Your control room should have a buzz of discussion among your people. That’s a key metric for how well things are running and whether everyone is sharing info.
Actions to raise morale (act differently and the thinking will follow)
- Your chiefs will brag about the company to their family and friends
- They’d look visitors in the eye when they met them in the passageway (three name rule: Good morning Mr. Kennedy, my name is Chris Gillaspy, welcome aboard Entelechy.
- They’d wear their company ball caps as much as possible
- They’d boast about it to their friends in the industry
- They’d buy company lighters, pens, and pins from the ship’s store
The lt. told the chiefs and frontline men to act that way. The lt. didnt explain reasons, this is the 3 name rule: . {I act it out}. Any questions.
Lieutenant understood the tip of the iceberg. Actions that lead to all the other necessary actions.
1. Competence
Deliberate action. Say what you’re going to do out loud before you do it. I will turn a into b. Then start. That way there can be no attention to detail deficits. You can’t pay attention more. You can reduce autopilot.
2. Clarity
Take care of your people. Inside of work coach them to get promoted and play the game to reach the right metrics. Outside of work look after their health and relationships.
Use legacy and history for information. Convey why this is important.
Use guiding principles publicly and in decision criteria.
When giving an award or evaluation - Max exhibited courage and openness when reporting… . And give impromptu and informal awards - on the spot when necessary. Speak words of appreciation and professionalism.
Awards should be man vs. nature. Otherwise they are man vs. man and they are limited, finite.
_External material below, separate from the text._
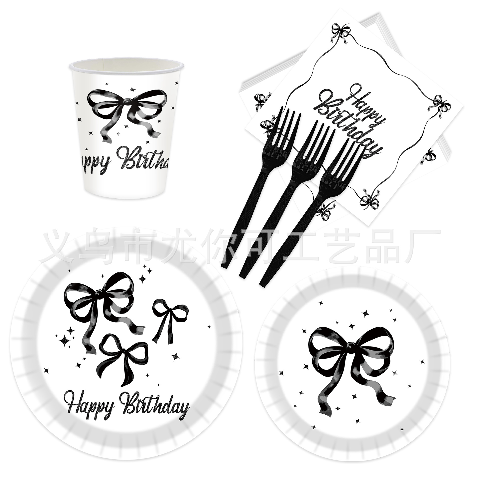 国境を越えた新しい黒蝶ネクタイのテーマパーティー食器セット使い捨て紙皿紙コップティッシュテーブルクロス

Every man that can get a fire hose to the scene in 2 minutes gets an award, because the act is hard.
Misc. tactics (insightful)
- Call an all hands meeting. Your chiefs will be in the front (because you interact with them most frequently). Wave everyone as close as possible. A tight huddle. And send your chiefs to the back. The crew should be at the front from now on.
- Nobody should follow your order because they think you have secret information for “executives only”. They should push back. If there is secret info it should be explicit. Otherwise you might be wrong and they would blindly execute. Bad
- “Can you think out loud?” If you would disagree or override the decision.
- Don’t do briefings. Those are passive. One briefer. Everyone else “is briefed.” Do certifications. Test to make sure everyone is prepared and knows what’s going on by asking questions (put the onus of action on the participants; leader-leader dynamic). If the team isn’t ready, postpone. A sales pitch is usually someone being briefed. Think about the preparation. How can they be ready to present their portion of the event? Certification turns the meeting into a decision point: either you’re ready or not. And it’s a mechanism for competence.